Stockholders’ equity is the portion of a company’s value that belongs to its owners after subtracting what the company owes from what it owns — like the equity in a house after paying the mortgage. For investors it shows the company’s net worth and can indicate financial strength, a cushion against losses, and the amount potentially available to support dividends or reinvestment; tracking changes helps assess whether the business is building or eroding owner value.
market value of listed securities financial
"requires either $2.5 million in stockholders’ equity or a market value of listed securities (“MVLS”) of $35 million"
The market value of listed securities is the total worth of stocks, bonds and other tradable instruments quoted on an exchange, measured using the prices investors are willing to pay right now. It’s calculated by multiplying each security’s current market price by the number of units outstanding and adding those amounts together, like totaling the value of every item in a store at today’s prices. Investors watch this because it shows the size, liquidity and overall health of the market or a company’s publicly traded portion, and it influences index weights, fund allocations and perceived risk.
Mandatory Panel Monitor regulatory
"The Staff determined that the Company remained subject to a Mandatory Panel Monitor for a period of one year"
A mandatory panel monitor is an independent group tasked with regularly reviewing safety and key results during a clinical trial or regulated program to protect participants and ensure the study is conducted properly. For investors, this matters because the panel can recommend changes, pauses, or early stopping of a trial — actions that can speed up, delay, or quietly derail a program and therefore materially affect a company’s timeline and value, much like a referee whose calls change the outcome of a game.
Nasdaq Hearings Panel regulatory
"request a hearing before the Nasdaq Hearings Panel (the “Panel”) to present its plan to evidence compliance"

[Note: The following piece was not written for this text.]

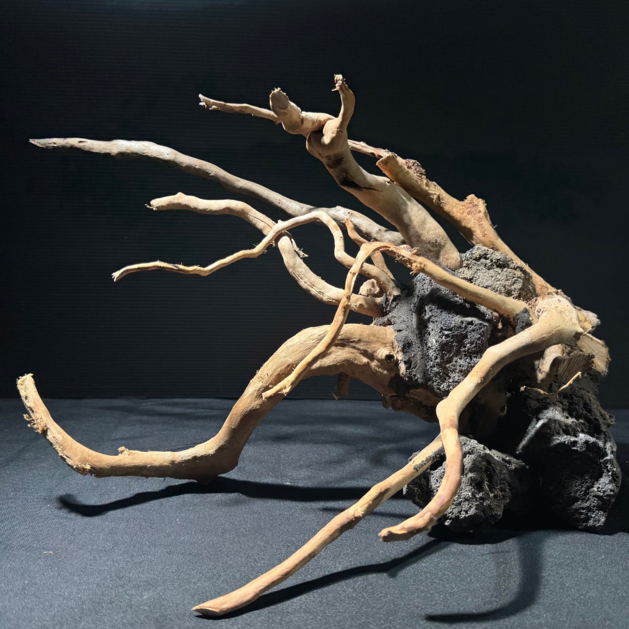 複数の溶岩石と枝状流木を組み合わせた完全一点物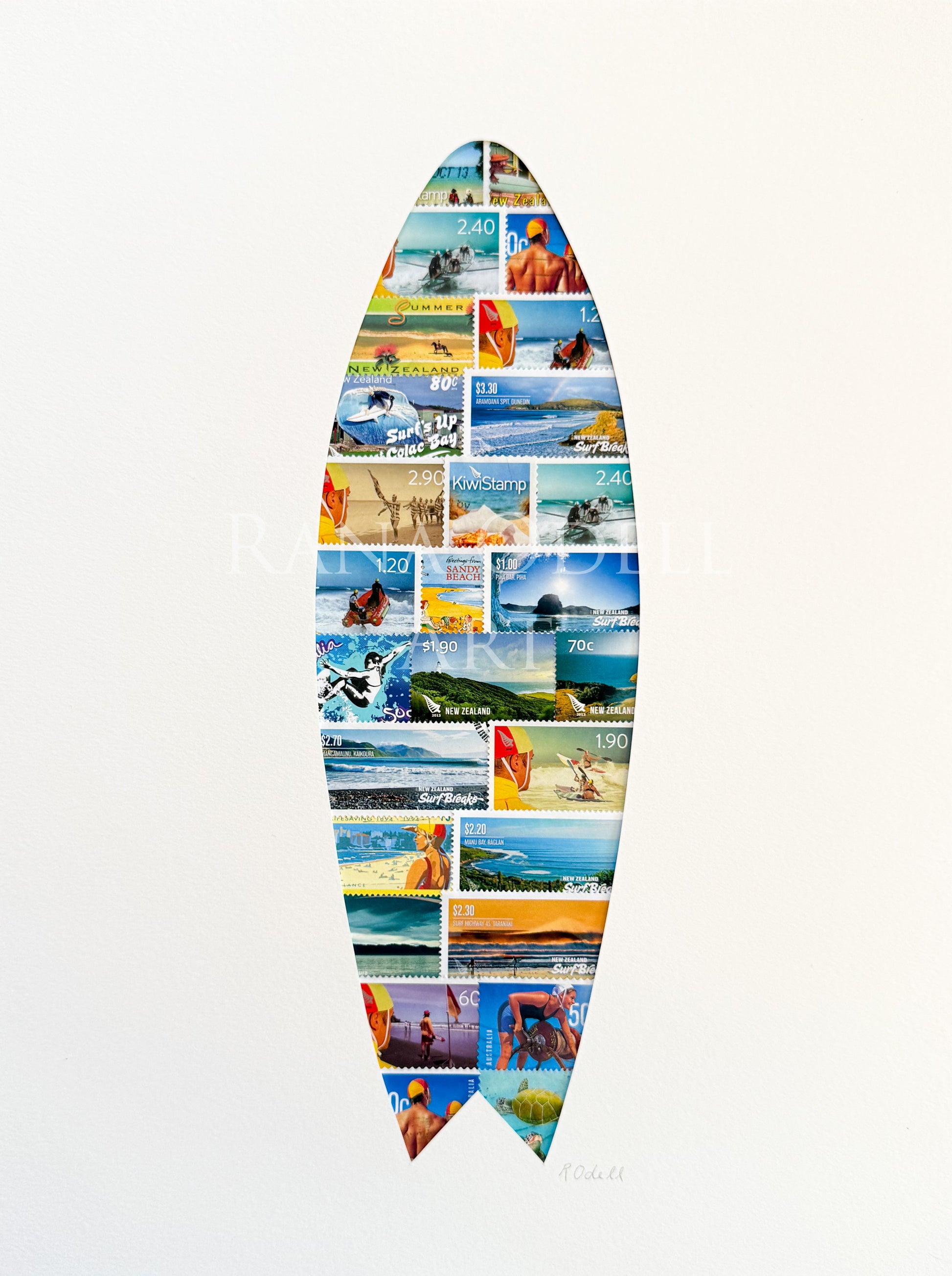 Created from real New Zealand and Australian postage stamps featuring surfing / beach themes. Artwork arrives unframed in a cellophane packet with protective backing. Artwork will fit an 11x13 inch frame.

A Nasdaq hearings panel is a group of experts that reviews cases when a company's stock listing is at risk of being removed from the exchange. They evaluate whether the company has met certain standards and determine if it can keep trading on Nasdaq. This process matters to investors because it can affect a company's ability to raise money and maintain credibility in the market.
forward-looking statements regulatory
"any statements in this that are not a description of historical fact are forward-looking statements within the meaning"
Forward-looking statements are predictions or plans that companies share about what they expect to happen in the future, like estimating sales or profits. They matter because they help investors understand a company's outlook, but since they are based on guesses and assumptions, they can sometimes be wrong.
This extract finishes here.